Mouse models have also been diligently sought as models featuring all of the characteristics of human DN. A recent review by Betz and Conway states that “no model exhibits with all of the features of human DN” [31]. As a consequence, the quest for ideal DN models continues.

The ZDSD/Pco (ZDSD) rat is a new model of obesity, metabolic syndrome and diabetes [32]. The model was developed by crossing a homozygous lean Zucker diabetic fatty (ZDF) male rat with a sub strain of the Crl:CD (SD) rat, selectively bred for high fat diet induced obesity [33,34]. The standard Crl:CD (SD) rat is a sub strain of SD rats that is significantly heavier and more obese than other lines of SD rats; a percentage of these rats is very susceptible to developing obesity, when fed high fat diets [33,34]. The original design was to combine the defect in β-cell gene transcription that is found in lean and obese ZDF rats [35] with the obesity of the Crl:CD (SD) model, to produce an obese diabetic model that preserves the critical leptin pathway. The animals were fed regular rodent chow (Purina 5008) during the 12 years of the model development process. The offspring from the initial crosses were screened and selected for obesity, the propensity to become diabetic and the expression of the other characteristics of metabolic syndrome. This model has been selectively inbred for >30 generations. The ZDSD rat has been shown to develop microvascular and macrovascular complications of diabetes in a fashion similar to that occurring in human diabetes [36]. Spontaneous development of diabetic complications such as impaired wound healing [37], osteoporosis [38,39], decreased nerve conduction velocity [36] and hypertension [40] have also been identified in the model.

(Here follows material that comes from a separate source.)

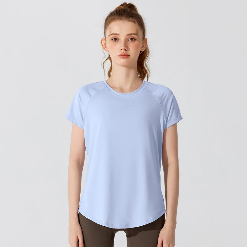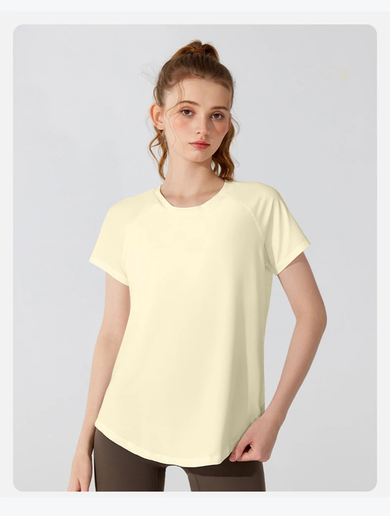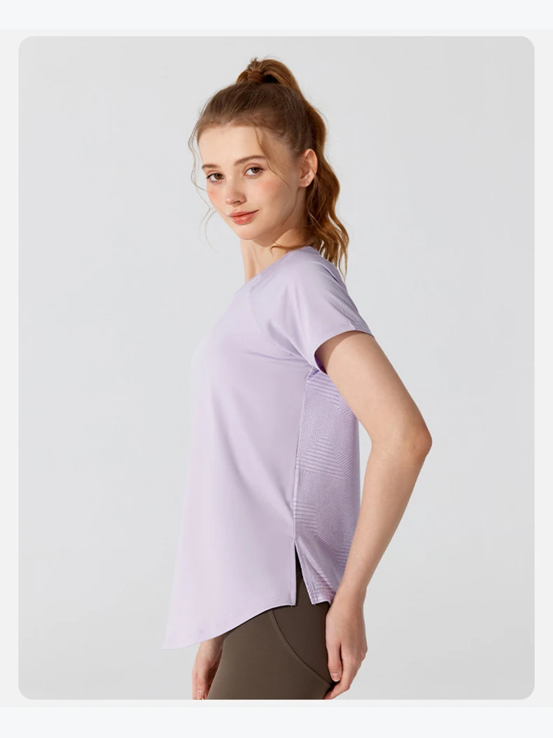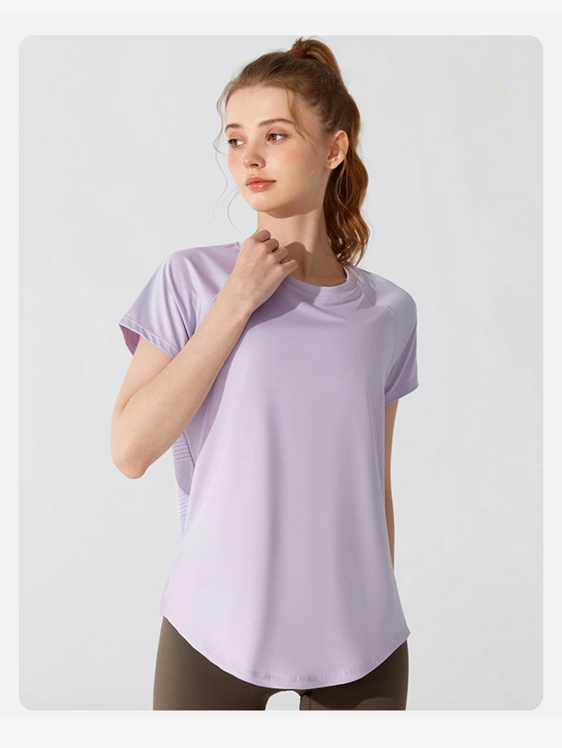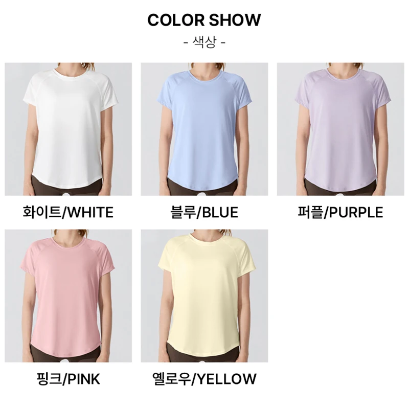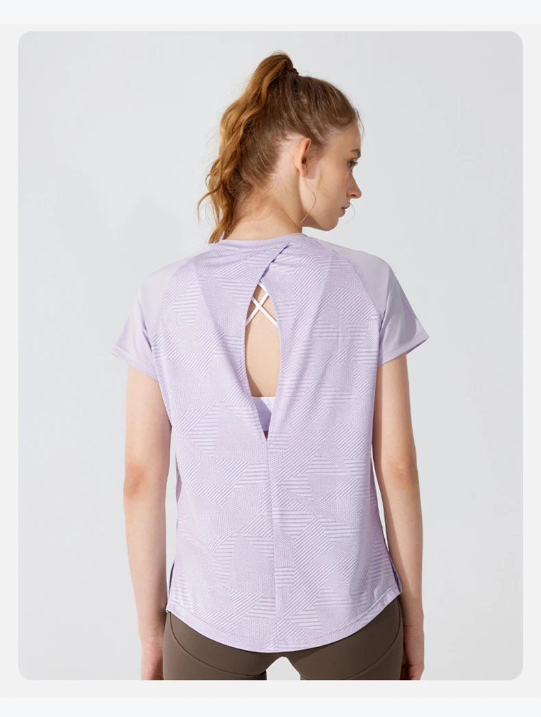 스타일아유 여성 라운드넥 트임 백오픈 숏슬리브 티셔츠 통기성 속건 요가 피트니스 운동상의 YG0139

Obesity and metabolic syndrome are clear predictors of chronic kidney disease largely due to the potentiation of chronic inflammation by insulin resistance [41]. In addition, the lipoprotein abnormalities and increased hemodynamics and vascular dysfunction associated with metabolic syndrome have all been implicated as causative for the development of renal disease [42,43]. This cluster of metabolic dysregulations is exhibited by the ZDSD rat, positioning the model as a unique tool for the study of DN.

In validation of the ZDSD rat as a novel tool for the study of DN, we have characterized the spontaneous development of DN in the ZDSD rat and determined the efficacy of the ACEi, Lisinopril, in reducing albuminuria.

Materials and methods

Spontaneous development of renal dysfunction in untreated ZDSD rats

Male ZDSD/Pco rats (n=16) were obtained from the PreClinOmics, A Crown Bioscience company (now Crown Bioscience-Indiana), colony. They were maintained on Purina 5008 regular rodent chow from weaning and throughout the study duration. Beginning at 10 weeks of age, blood samples (fed) were collected from the tail vein for assessment of blood glucose, blood urea nitrogen (BUN) and creatinine. Twenty-four-hour urine samples were collected at room temperature and without additives. Blood and urine samples were obtained in animals every 2-4 weeks until 30 weeks of age. Animals were considered diabetic when morning blood glucose (fed) reached ≥250 mg/dL. Urine volume and body weight were recorded. Urine was assayed for cystatin C, clusterin, urinary kidney injury molecule-1 (KIM-1) and β2-microglobulin using Luminex multiplex kits RKTX1-37K (clusterin, KIM-1) and RKTX2-37K (albumin, β2-microglobulin, cystatin C). Kidneys were fixed in 10% buffered formalin and stained with periodic acid Schiff (PAS) and H&E for pathological assessment of untreated 33 week old animals. Age-matched SD rats (n=10) were included for comparison.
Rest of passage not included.